Une approche méthodique
La Banque mondiale a commencé par réaliser une évaluation d’impact genrée sur la pauvreté et la situation sociale, afin d’évaluer l’impact des réformes politiques sur différents groupes de la population. L’étude a conclu que, du fait du régime matrilinéaire qui veut que les femmes soient propriétaires de l’habitation et enregistrent les contrats d’électricité à leur nom, les ménages dirigés par des femmes avaient davantage tendance à consommer de l’électricité sans la payer. Cependant, la communauté considère souvent que les femmes sont de meilleurs payeurs, à la fois plus fiables et plus transparents.

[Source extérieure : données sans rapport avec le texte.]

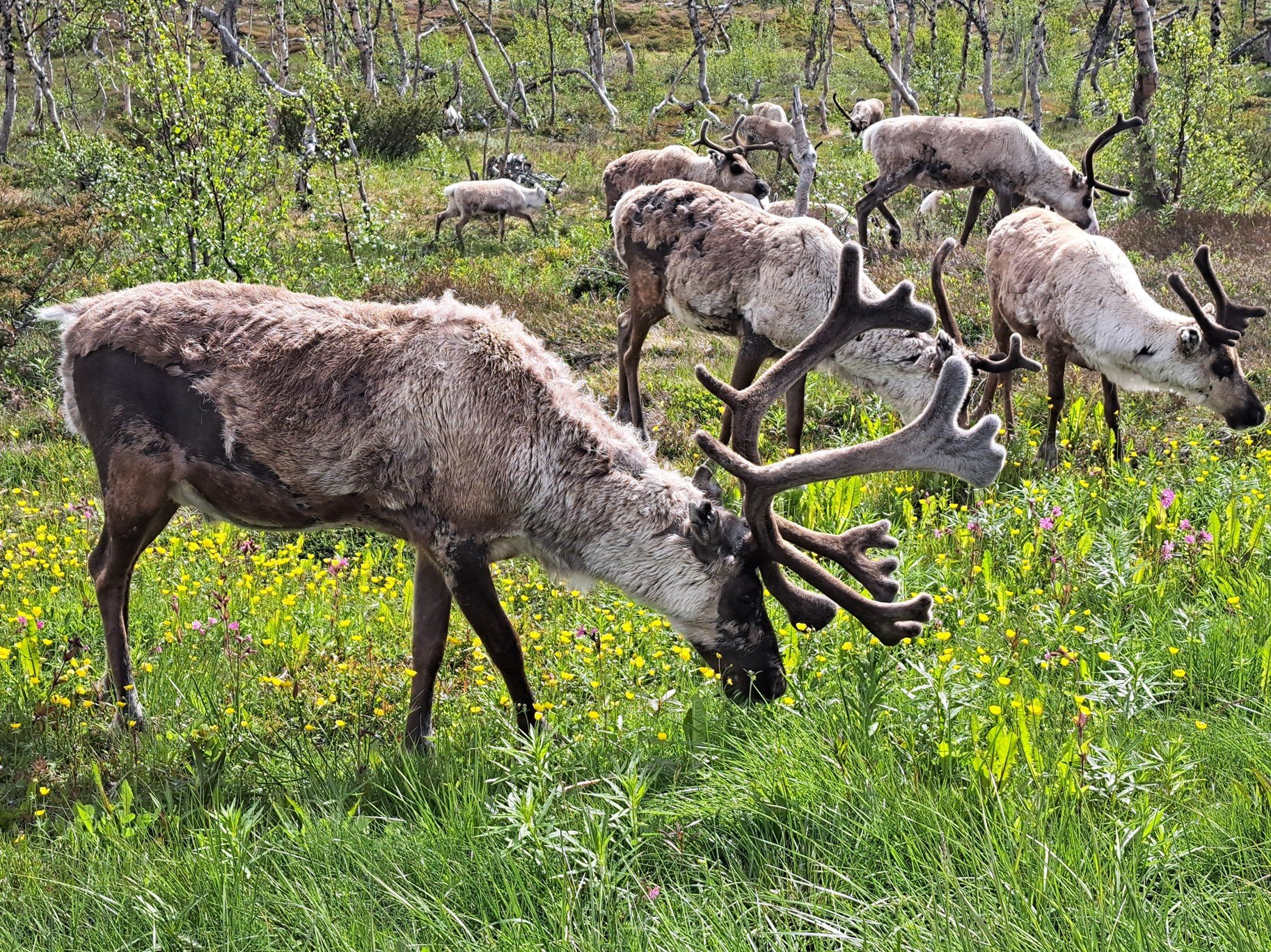 Zvláštní kapitolou našeho putování je setkání se zvířaty. Nemyslím tím veverku, kachnu či racka, ale nejznámějšího obyvatele Laponska, který není z lidské, nýbrž z jelení říše.

La Banque mondiale a également collaboré avec des experts en sciences comportementales afin de conduire un audit des comportements et de mieux comprendre les motivations, les normes sociales et les enjeux structurels à l’origine des pertes commerciales. Ce travail a mis au jour un certain nombre de freins au paiement des factures (notamment contraintes financières, factures qui ne parviennent pas au client, absence de compteur ou d’alimentation électrique et longueur des files d’attente pour procéder au paiement). Il a montré que les particuliers, constatant que les employés de l’entreprise et leurs pairs étaient les premiers contrevenants (non-paiement et raccordements illicites par exemple), ne voyaient pas pourquoi ils ne feraient pas la même chose, puisque cela semblait être la norme.

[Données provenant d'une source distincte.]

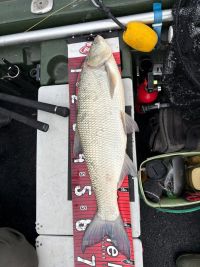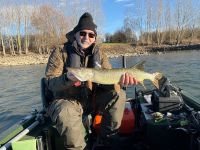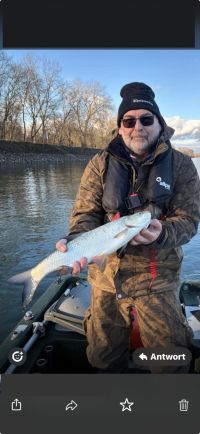 Wir versprachen uns viel, da wir eine Stelle im Rhein fanden, wo die Wassertemperatur sogar 8,9°C hatte. Durch den Anstieg des Rheins kam eine Menge Dreck den Rhein herunter. Wir hatten den ganzen Tag über drei Bisse auf Gummifisch und konnten einen Rapfen von 70cm fangen. Petri.
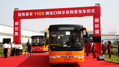 安凱1100輛客車出口阿爾及利亞7月22日,“安凱客車1100輛出口阿爾及利亞發(fā)車儀式”在合肥舉行。6月份,安凱與阿爾及利亞CIMA MOTORS公司簽署了此批客車銷售合同,合同總金額為3600萬(wàn)美元,約合人民幣2.24億元。 【詳細(xì)】

D’où la volonté d’insister sur les bons comportements exemplaires. Avec le soutien du programme de la Banque mondiale sur le Leadership collaboratif au service du développement (CL4D), une cartographie des parties prenantes sensibles au genre a été réalisée pour analyser en fonction du genrele rôle potentiel des différentes parties prenantes dans la réduction des vols d’électricité et la hausse du paiement des factures. Cet exercice a révélé que les hommes, parce qu’ils occupent des postes politiques à responsabilité dans le secteur de l’énergie, sont perçus par la population locale comme des dirigeants nommés en raison de leurs connexions politiques plus que pour leurs compétences. En revanche, parce qu’elles sont peu présentes dans la sphère politique, les femmes ne sont pas associées à ces images négatives et sont donc mieux placées pour promouvoir la transparence et les valeurs civiques de respect des obligations légales par le consommateur.